Derive Force Field Parameters for the Ligands with Antechamber
Force fields are specific for the molecule type. Ligands, usually organic molecules, are modelled in Amber with GAFF or some modification of this. For this tutorial, GAFF2 parameters will be derived with Antechamber. Each new ligand will require derivation of parameters with Antechamber unless they exist elsewhere in the literature.
4. Add hydrogens to the ligand using a tool such a VMD or Chimera X.- File
- New Molecule
- Resid 1298 = selection
- Select all
- +Hs
- Enlarge in VMD and look at Hs that are added.
- Delete extra Hs
- Make H’s planar if need be by selecting dihedral and then clicking “Force Planar”

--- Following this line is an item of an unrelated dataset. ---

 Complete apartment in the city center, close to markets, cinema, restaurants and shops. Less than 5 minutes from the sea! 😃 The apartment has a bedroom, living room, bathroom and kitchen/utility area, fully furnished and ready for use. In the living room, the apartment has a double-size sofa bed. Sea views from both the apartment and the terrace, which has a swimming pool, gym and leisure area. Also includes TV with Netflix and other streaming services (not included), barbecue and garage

- Make sure ligand picture looks chemically reasonable. Pay attention to the H’s that are added to the imidazole ring, to confirm whether they are added to the correct N atom.

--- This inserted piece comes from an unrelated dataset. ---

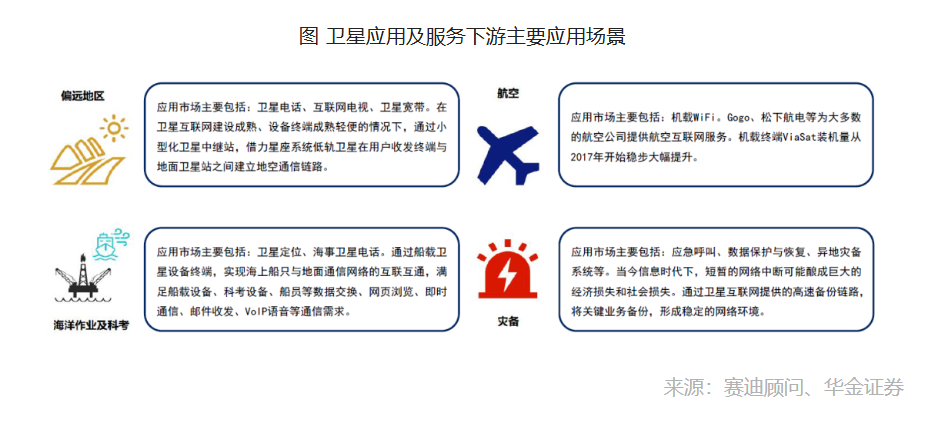 从具体应用场景来看,卫星互联网的核心应用场景主要包括偏远地区通信、海洋作业及科考、航空通信、灾难应急通信等。

- File Apply Changes to Parent, Yes
- Should see 1h1r_edited.pdb. Save it by File, Save Coordinates, selected atoms: “all”, file type - pdb.
- Click Save and name new file. Figure 3. Ligand from 1H1Q (NU6094) after hydrogen atoms added with Molefacture.
Save changes
Using a text editor, rename the residue name (column 18 to 20) of the ligand from “2A6” to “LIG”
The residue name for all ligands should be “LIG” in order for DDBoost to recognize the ligands.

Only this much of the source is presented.